John Henry Holliday was born in Griffin, Georgia in 1851. He came into the world with a cleft palate and a partial cleft lip, a deformity that in 1851 was usually a death sentence for an infant. His uncle, a surgeon named John Stiles Holliday, performed the corrective surgery himself when the baby was two months old. His mother Alice spent the next several years patiently teaching the boy to speak clearly. She taught him piano. She taught him manners. She taught him how to bow to a woman and how to address a gentleman. By the time he was a teenager, John Henry could quote Virgil in the original Latin, play Chopin from memory, and dance a quadrille.
Then she died of tuberculosis when he was 15, and so did the small, soft world she'd built for him.
He was sent to Philadelphia to study dentistry. He graduated from the Pennsylvania College of Dental Surgery in 1872 at the age of 20, one of the youngest in his class, and his entry "Diseases of the Teeth" was considered exceptional. He won an award at a dental fair for "Best Set of Artificial Teeth in Gold." His diploma still exists. You can look at it.
He moved back south, set up a practice, and started coughing.

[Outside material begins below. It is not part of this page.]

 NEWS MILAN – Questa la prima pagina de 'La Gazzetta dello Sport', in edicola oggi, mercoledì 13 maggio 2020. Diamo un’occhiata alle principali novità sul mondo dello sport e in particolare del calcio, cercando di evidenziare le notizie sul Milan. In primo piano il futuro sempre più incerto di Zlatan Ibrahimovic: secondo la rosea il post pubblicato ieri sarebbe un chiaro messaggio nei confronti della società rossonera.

By 1873 the diagnosis was unmistakable. Pulmonary tuberculosis. The same disease that killed his mother. Doctors gave him a few months, maybe a year. They told him his only chance was to move west, where the dry air might slow the lungs from drowning. He kissed his cousin Mattie goodbye. He had been in love with her for years. She would later become a Catholic nun, Sister Mary Melanie, and she was the woman Margaret Mitchell would model Melanie Hamilton on in Gone With the Wind. They wrote each other letters until the day he died. Nobody has ever found those letters. The family burned them.
He went to Dallas. He set up a dental office. And his patients, watching this thin polite young man cough blood into a handkerchief between extractions, stopped coming.
So he turned to cards.
Faro, mostly. Poker when he could find it. He had a gambler's gift and a dying man's nerve, and within two years he was making more in a week at the tables than he'd made in a year pulling teeth. He moved through Texas and into the Colorado mining camps, then New Mexico, then Arizona. He drank an estimated two to three quarts of whiskey a day, partly because it numbed the lungs and partly because nothing else did.

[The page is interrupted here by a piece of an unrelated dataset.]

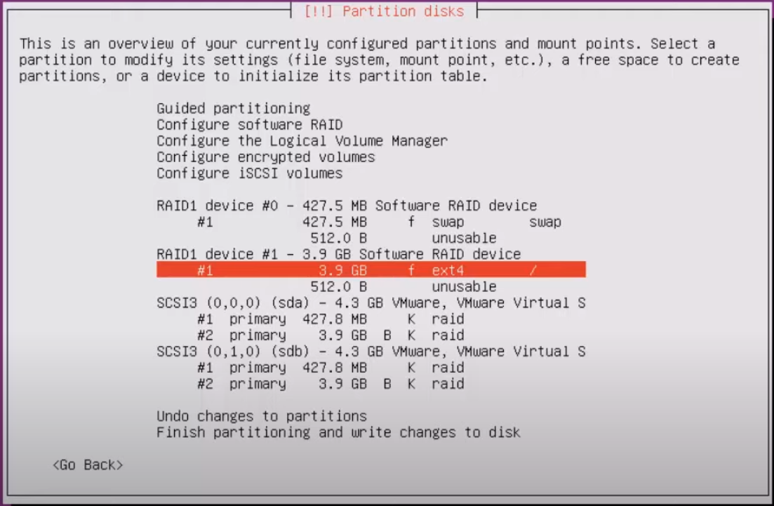 최종 화면, 지금은 Swap 와 / 공간 만 만들기 때문에 2개의 raid 파티션으로 나눴지만 더 만들어서 raid를 묶을 수 있다.

Here is what made him terrifying.
Most gunfighters in the Old West were cowards in expensive boots. They picked fights they could win and avoided fights they couldn't. Doc Holliday already knew he was dying. There was nothing you could threaten him with. There was no future you could take from him. He would walk into a room of armed men with that thin slow smile and a Colt and a knife and sometimes a sawed off shotgun under his long grey coat, and the math running behind his pale blue eyes was simple. Every day he was alive was already stolen. The men across the table had something to lose. He had nothing.
He weighed about 135 pounds. He was five foot ten. He was usually drunk. And by the time he reached Tombstone, men crossed streets to avoid him.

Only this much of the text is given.